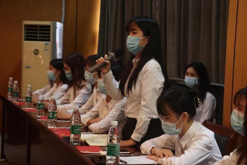 研讨会上,党总支书记李繁结合习近平总书记的讲话精神,为师生党员上了一堂生动的微党课,用“践行使命的白色,闪耀初心的红色,爱心送考的蓝与黄,温馨飘香的粽子绿”将党领导下广州是如何战胜疫情做了生动的阐释。
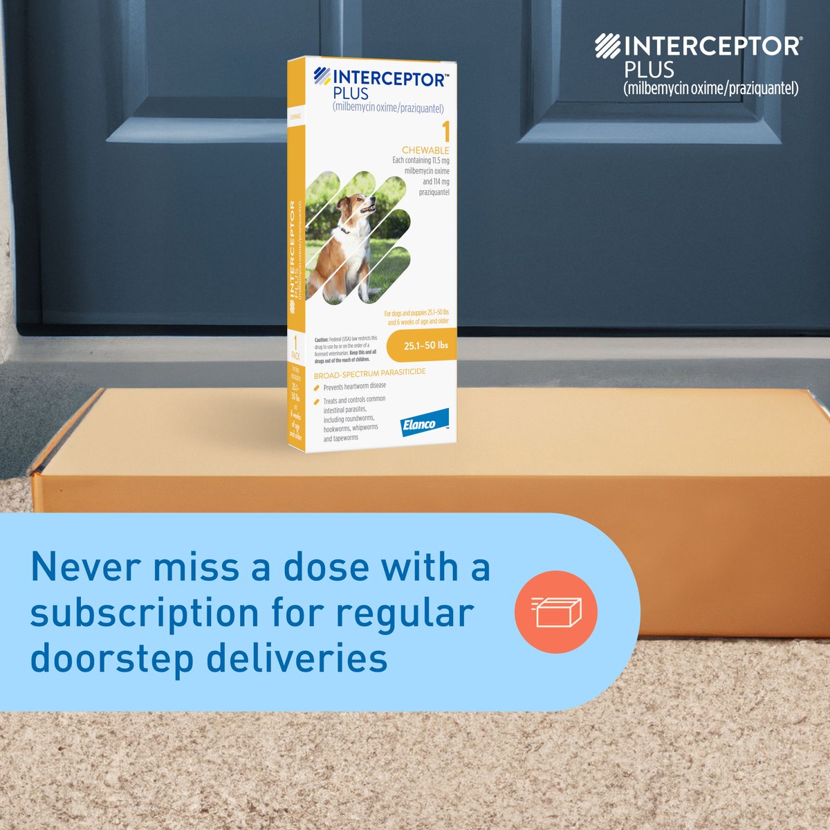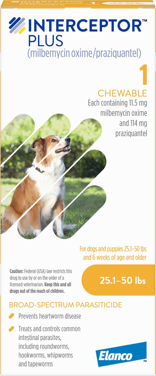 Interceptor Plus Chew for Dogs, 25.1-50 lbs, (Yellow Box), 1 Chew (1-mo. supply)
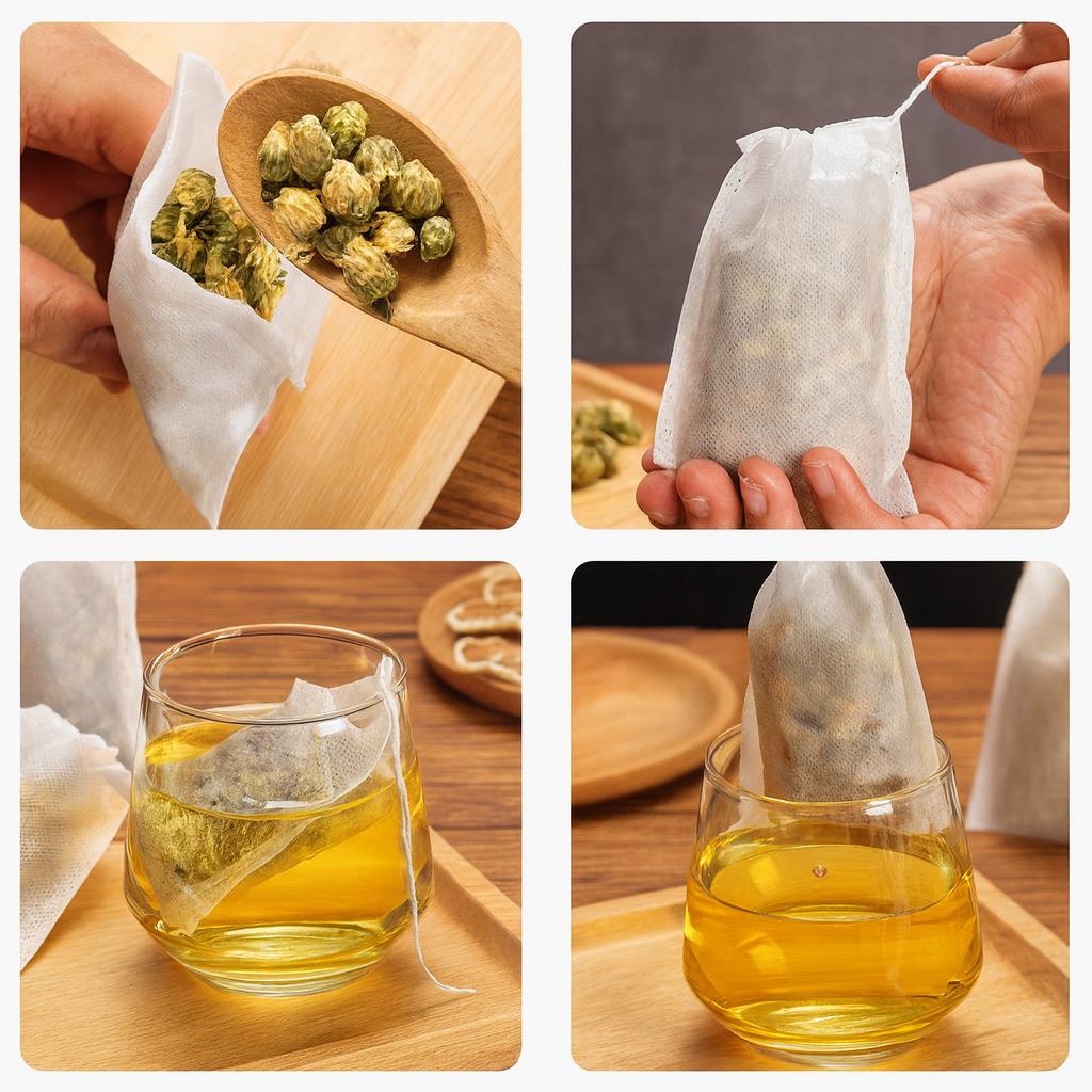 • Small white drawstring filter bags for loose tea leaves or herbs
········
### ACTIVITY:
Reproduce every line of the material precisely, omitting its pictures.

### REPLY TO THE TASK:
 研讨会上,党总支书记李繁结合习近平总书记的讲话精神,为师生党员上了一堂生动的微党课,用“践行使命的白色,闪耀初心的红色,爱心送考的蓝与黄,温馨飘香的粽子绿”将党领导下广州是如何战胜疫情做了生动的阐释。
 Interceptor Plus Chew for Dogs, 25.1-50 lbs, (Yellow Box), 1 Chew (1-mo. supply)
 • Small white drawstring filter bags for loose tea leaves or herbs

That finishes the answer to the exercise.